My name is Eli Lebowicz and I do standup comedy, usually for Jewish audiences.

Making strangers laugh isn’t easy to begin with, and it's even harder when those strangers are Jewish. Now if you just got mad about that sentence, realize that by getting upset at that joke, you’re proving me right. Don’t get me wrong, I love being able to entertain Jewish audiences, but it’s always tricky.

First off, Jews seem to be the only people who come to a comedy show not to laugh. We (*when I write “we” I’m referring to Jews and I realize that there are a thousand different types of Jews, so forgive me for grouping together Jews as a whole.) will purposefully go to a show knowing that there will be a comedian at an event we paid good money to attend, but our natural reaction at the beginning is to still sit there with our arms crossed, thinking, I’ve made better jokes at my Shabbos table.

I think part of the reason we do this is because Jewish life forces us to be serious so much of the time that it’s hard to turn on the “laugh” switch. Also, there’s so much craziness going on in the world and so many stresses in life that we just simply have too many things on our mind. I mean, how can you expect me to laugh about your stupid observations when I’m paying tens of thousands of dollars in Jewish school tuition?”
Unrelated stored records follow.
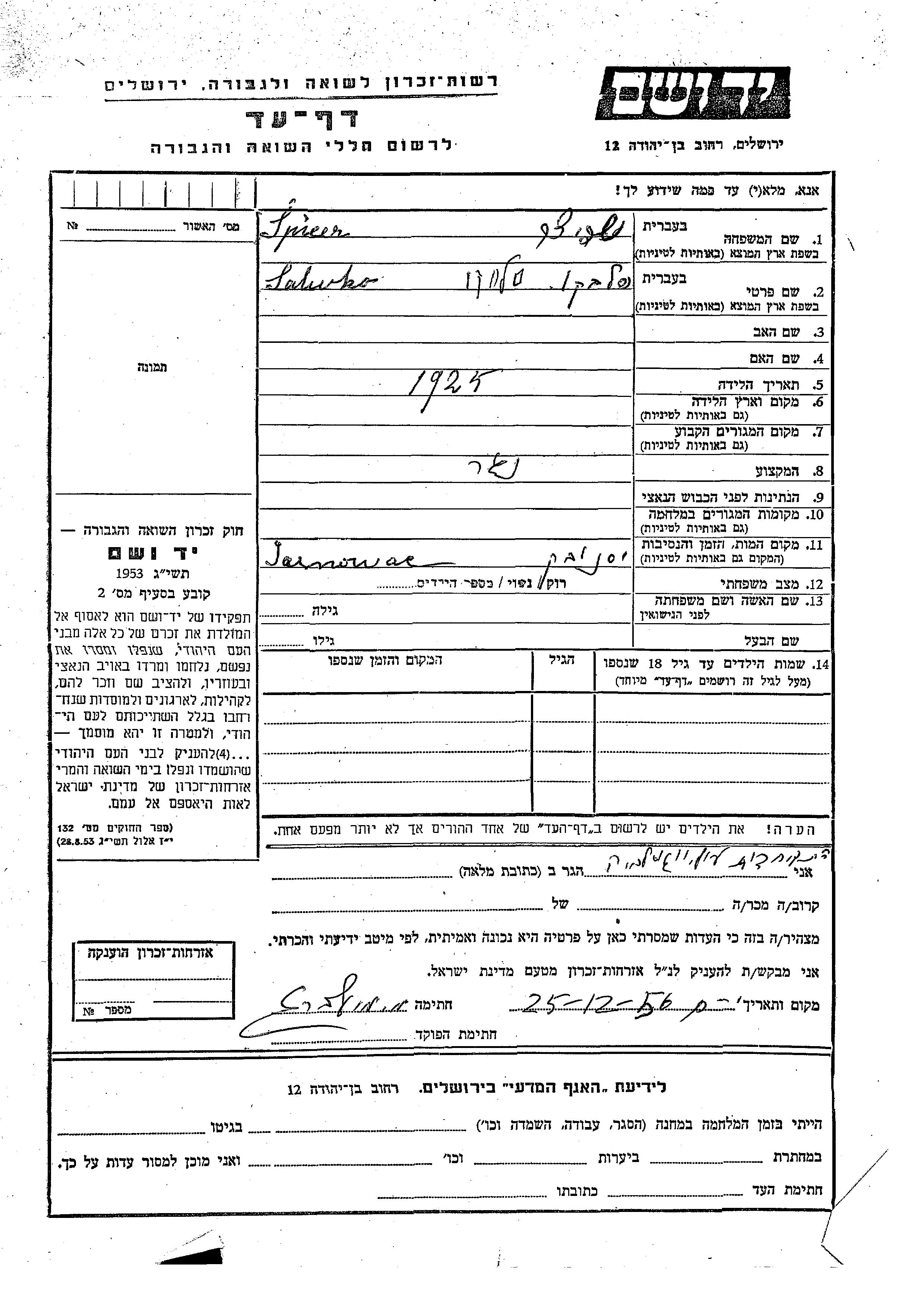 Spicer Slawko 1925 lugar desconocido, Hoja de Testimonio
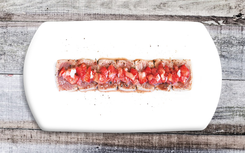 [vc_row][vc_column width=”1/4″][/vc_column][vc_column width=”1/2″][vc_column_text]1 lomo de atún 1 chorro de aceite de oliva virgen extra fresas cortadas en dados 1 chorro de agridulce de Merlot Castell de […]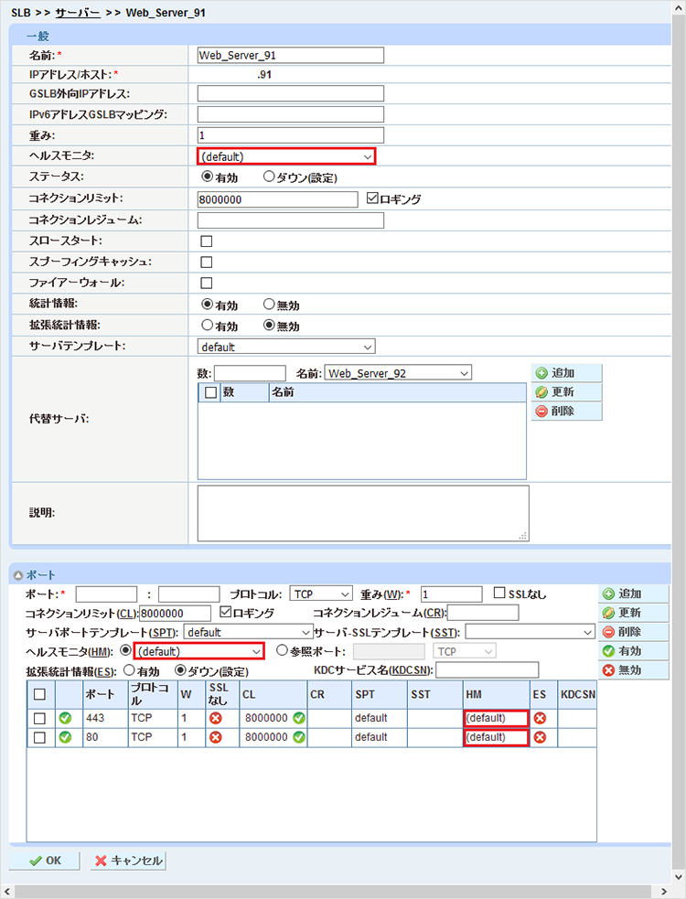 - リアルサーバーの「ポート」項目のヘルスモニタ

A performer almost has to give permission to a Jewish crowd that it's okay to loosen up a bit. And then once the crowd determines that something is indeed funny, they need to make sure that they’re allowed to laugh at it. So they’ll instinctively check around the room to see who else is laughing and analyze if it’s okay to laugh. It goes without saying that if it's a shul event and the rabbi's not laughing, it's automatically assur (forbidden in Jewish law). And that’s twice as true if it’s your wife who’s not laughing.

It’s a natural thing to turn to the people we’re with and confirm that they’re laughing too. I think we do it because we don’t want to seem crazy for laughing at something that’s not funny.
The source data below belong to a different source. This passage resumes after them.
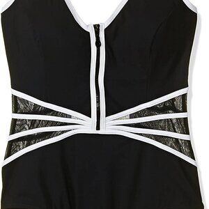 NEW Profile by Gottex Tummy Control Swimsuit with Black Mesh, Size 6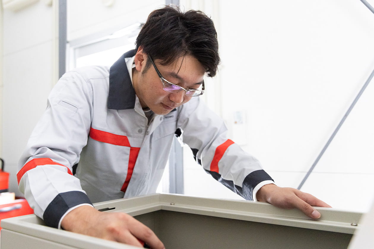 所属する伊万里事業所(※1)では、お客様先のプラント内で新しい装置の立ち上げ工事や入れ替え工事などを担当しています。加えて大学でソフトウェアを学んできた私は、早い段階から、装置内のソフト設計を一から担当させてもらいました。最近は、電気メンテナンスの工事も担当するようになりました。やってみたら、ソフト設計よりも現場に出てメンテナンスをする方が好きだと分かりました(笑)。でも、伊万里事業所にソフト屋は私一人なので、「両方できること」を強みに、早く戦力になりたいと思っています。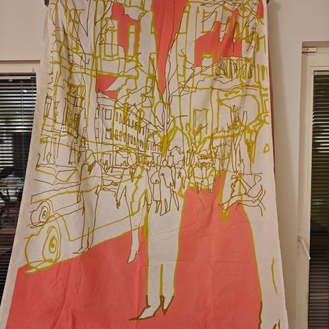 Myydään Marimekon Hetkiä sisustuskangas, ohutta puuvillaa, väri musta/valkoinen. Leveys 160cm, korkeus 260cm.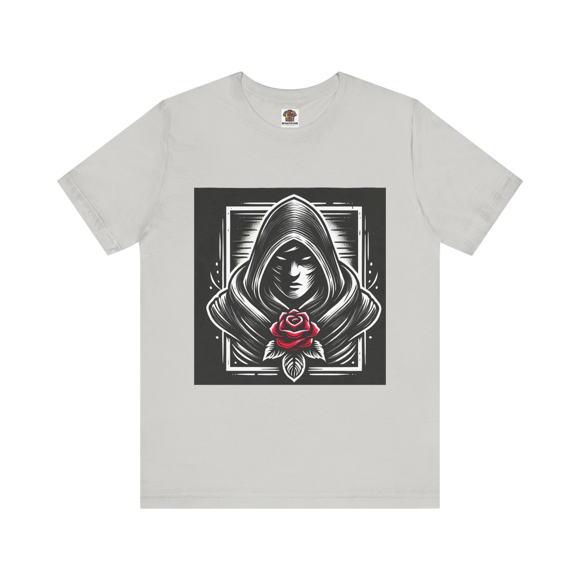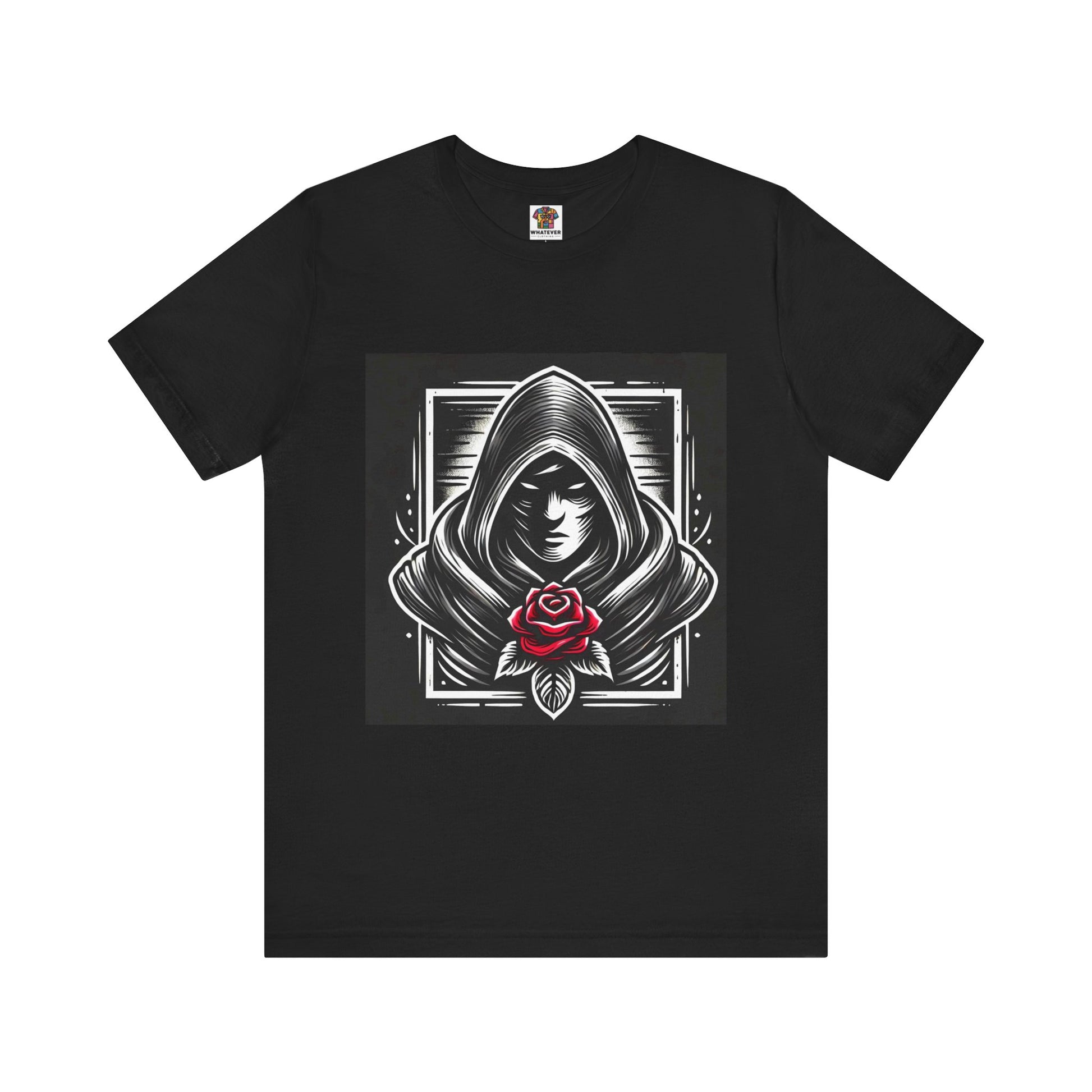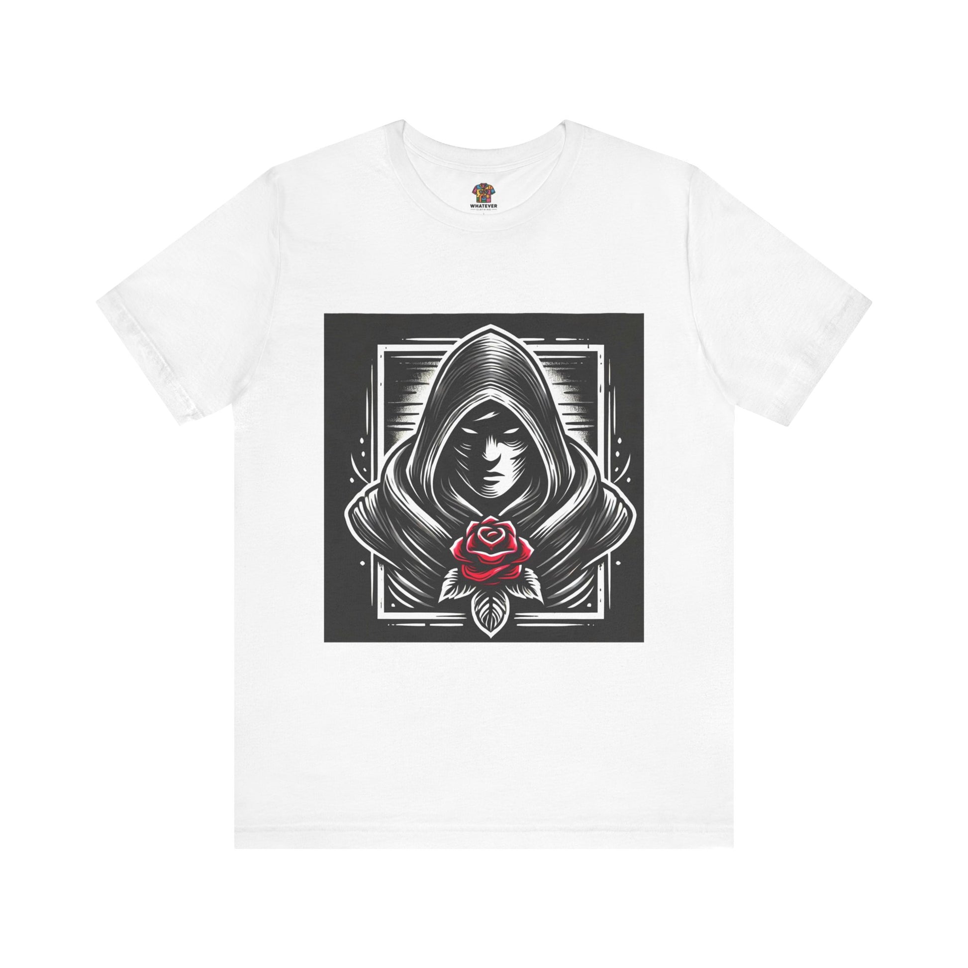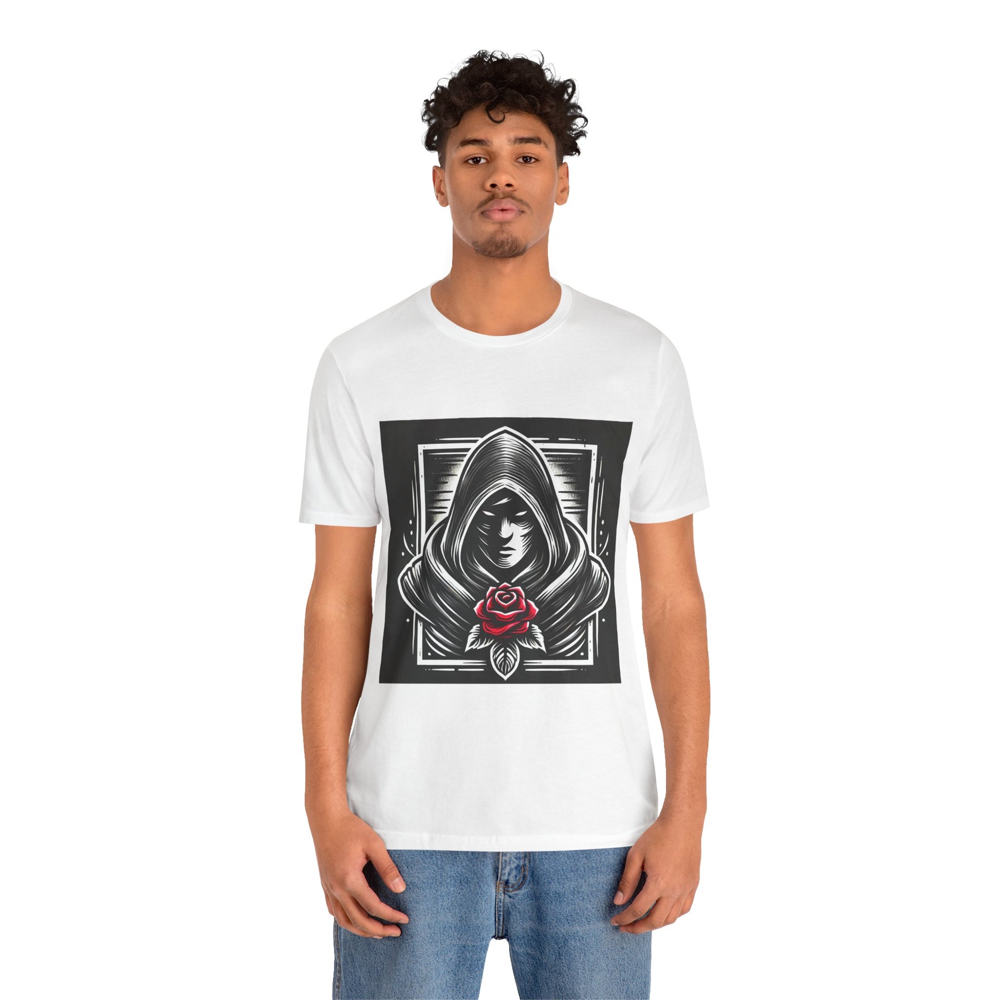 A mysterious hooded figure with red eyes and a rose, rendered in black and white with bold contrasts.

Don’t believe me? Next time you watch a funny movie or TV show (for those of you who are okay with admitting to watching those things), note how many times you turn to the people you’re watching with to check if they’re laughing.

Another reason comedy is a challenge is because there’s this inherent expectation that comes with it. Offstage, I dislike being introduced with the line of “He’s a comedian.” Pressure’s on.

“You're a comedian? Prove it.” That doesn't happen with other jobs. Nobody ever goes, “Oh you're a mohel? Prove it."

I’d rather have a conversation with someone, make that person laugh, and then after a little while, I’ll mention that I do comedy.

Jews are also just really tough to impress in general, even when you’re not trying to make them laugh. I once performed on a Pesach program and one of the other acts was this Beatles cover band. I heard someone say after the show, "They were good. But it's a shame they couldn't have gotten the real Beatles.” Really? 2 of them have died. And half of them that aren’t dead are Ringo, and nobody wants that.

Since I started performing standup about 6 years ago, I’ve done shows at various comedy clubs in New York City, but over the last few years, I found that my niche has been doing shows for Jewish events.

It's a lot easier for me to relate to Jews, because being Jewish is what I know. Like I don't even know if non-Jews even play Monopoly and Risk. I mean, when would that even happen? Family Game Night? Which I’m pretty sure only exists in commercials for board games.

My material can get really deep into Jewish humor. It’s not deep as in profound, but insider knowledge. While other comedians discuss airplane travel and the differences between Los Angeles and New York, I delve into very specific waters, wondering about potentially awkward moments in Tanach (like when an angel changes Jacob’s name to Israel, do you think Jacob said, “Okay, but I’m still gonna have to go by Jacob at the bank and doctor’s office”?) and how annoying the shul’s YaaleH V’Yavo reminder guy is (that guy that reminds you that it’s Rosh Chodesh or some other holiday).

My material may resonate more with a crowd that questions which pleasure is greater: taking that first bite after fasting all day Yom Kippur or remembering that a 250-page Yom Kippur Mussaf is really only 125 pages when you realize half of it is English.

Some will say that my material is too Jewish, but with a name like “Eli Lebowicz,” I can’t really hide that.